Decompilation complete
I think perhaps this is the root cause:
DEBUG 28: likelytrash
0x00411796:d2: s0xfffffff4(0x00411796:d2) = ECX(i) [] i0x00411796:32:8(free)
0x00411796:d2: s0xfffffff4(0x00411796:d2) = [create] i0x00411796:32:8(free)
So likelytrash
seems to ignore inputs not compatible with the calling convention.
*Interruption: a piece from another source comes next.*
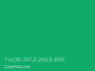 Yxy 30.247,0.263,0.459 Color is a normal green color and the nearest color is GO Green #00ab66. Hex code #10ab69 and RGB value is rgb(16,171,105). In RGB color space, this color is composed of 6% red, 67% green, 41% blue, In CMYK color space, this color is composed of 91% cyan, 0% magenta, 39% yellow , 33% black , In HSL color space, this color has a hue angle of 154° , 83% saturation and 37% lightness.

So I suppose the root problem is that we don't detect the right calling convention (thiscall).
[decomp]> restore /home/ed/Dropbox/temp/2023-11-27 - 411770.xml
Decoding ERROR: Unable to open xml document /home/ed/Dropbox/temp/2023-11-27
[decomp]> restore "/home/ed/Dropbox/temp/2023-11-27 - 411770.xml"
Decoding ERROR: Unable to open xml document "/home/ed/Dropbox/temp/2023-11-27
[decomp]> restore /tmp/411770.xml
Human: Please open file. Computer: no Human: Please open "file" Computer: no lots of swearing, cp file /tmp/file Human: Please open /tmp/file Computer: sure :smile:
https://sourcegraph.com/github.com/NationalSecurityAgency/ghidra@c225fac124821d789b12e4c76f4a0f6eabe83544/-/blob/Ghidra/Features/Decompiler/src/decompile/cpp/coreaction.hh?L818:7
/// Register locations called \b likely \b trash are read as a side-effect of some instruction /// the compiler was using. The canonical example in x86 code is the /// PUSH ECX /// which compilers use to create space on the stack without caring about what's in ECX. /// Even though the decompiler can see that the read ECX value is never getting used directly /// by the function, because the value is getting copied to the stack, the decompiler frequently /// can't tell if the value has been aliased across sub-function calls. By marking the ECX register /// as \b likely \ trash the decompiler will assume that, unless there is a direct read of the /// incoming ECX, none of subfunctions alias the stack location where ECX was stored. This /// allows the spurious references to the register to be removed.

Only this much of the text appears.